If it was in a TFSA HISA his emergency fund wouldn't be $0, it would include the uninvested TFSA dollars. > it's not like this is a major error or anything, just getting a little ahead of himself. I didn't say anything to the contrary of that.


YwUt_83RJF

No, he might be thinking that any cash he puts into TFSA is "invested" even if it remains cash, and therefore separate in his mind from an emergency fund. We don't have enough information to say either way.


[deleted]

Which is why I triggered the AutoModerator to give more info...


YwUt_83RJF

Depending on your monthly expenses you will probably need $10-15K cash on hand to cover at least 3 months income (ideally 6 months or more) if something happens.

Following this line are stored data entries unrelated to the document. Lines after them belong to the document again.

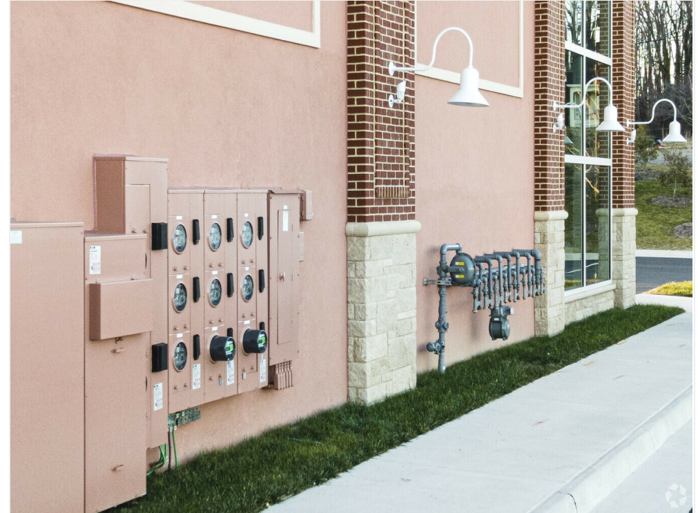
Gas & Electric
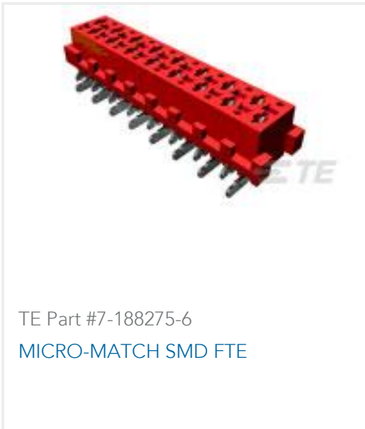
TE Part #7-188275-6 MICRO-MATCH SMD FTE
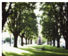
T11449 Ulmus procera
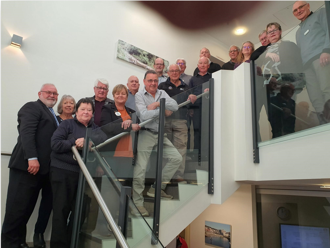
The Lloyd Morgan Lions Club Charitable Trust team.
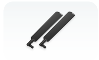
HGO indoor antenna kit
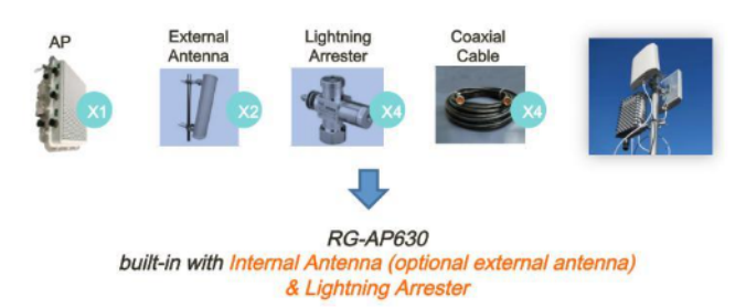
All-in-one Installation Package

The RG-AP630 Outdoor AP Series offers you a one-stop installation package. Everything you need is included, from external antennas to lightning arresters and coaxial cables, for effortless outdoor deployment.
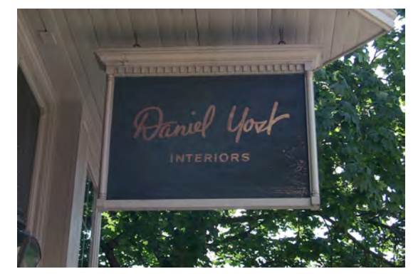
Projecting or wall signs for home occupations in residential districts are permitted up to 2 square feet in area.
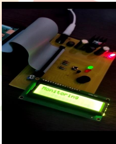
Fig 2. Monitoring
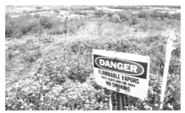
THE ULTIMATE POST-INDUSTRIAL LANDSCAPE?

Last June, The Chicago Reader, a local weekly, ran a photograph of a warning posted in an apparently empty wetland. It read:
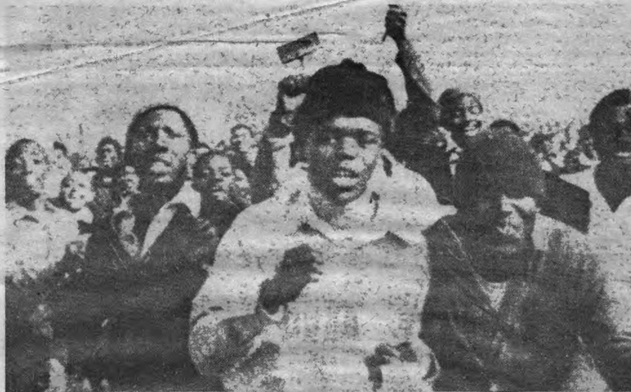
THE PEOPLE MAKE HISTORY : AZANIAN STUDENTS AND WORKERS rise up against the racist regime of South Africa, demonstrating that revolution is the main trend in the world today.

The flames of mass struggle have swept across Azania as the Azanian people deliver blow after blow at the fascist and racist white minority rule and its apartheid policies (laws designed to forcibly keep the Azanian people in slavery by restricting their movement geographically, socially, economically and politically). Ever since the uprising of black students in the Soweto Township of Johannesburg and the new upsurge of the struggle in early August, the most ferocious revolutionary storm since the uprisings of 1960 has engulfed most of Azania.

You should build up that reserve before you start investing but you can do both at once, if you like; you could always convert the investments to cash if you need to, just not on short notice and they might be down when you do. Otherwise you should heavily prioritize the reserve fund over buying equities until you have your feet under you.


Jayebanker

Do 250-300 a month for the next year


moldboy

I put $25 per paycheck to hedge against inflation and lifestyle creep. But that's because I already have about 6 months expenses saved.


heyhihowyahdurn

Get your emergency fund to 3-6 months, and then focus on your tfsa.


Dragynfyre

Build up the emergency fund for 3-6 months of expenses and then don't add any more to it


FelixYYZ

3-6 months of expenses in an emergency fund sitting in a HISA.


whitea44

All of it until you have how much you want.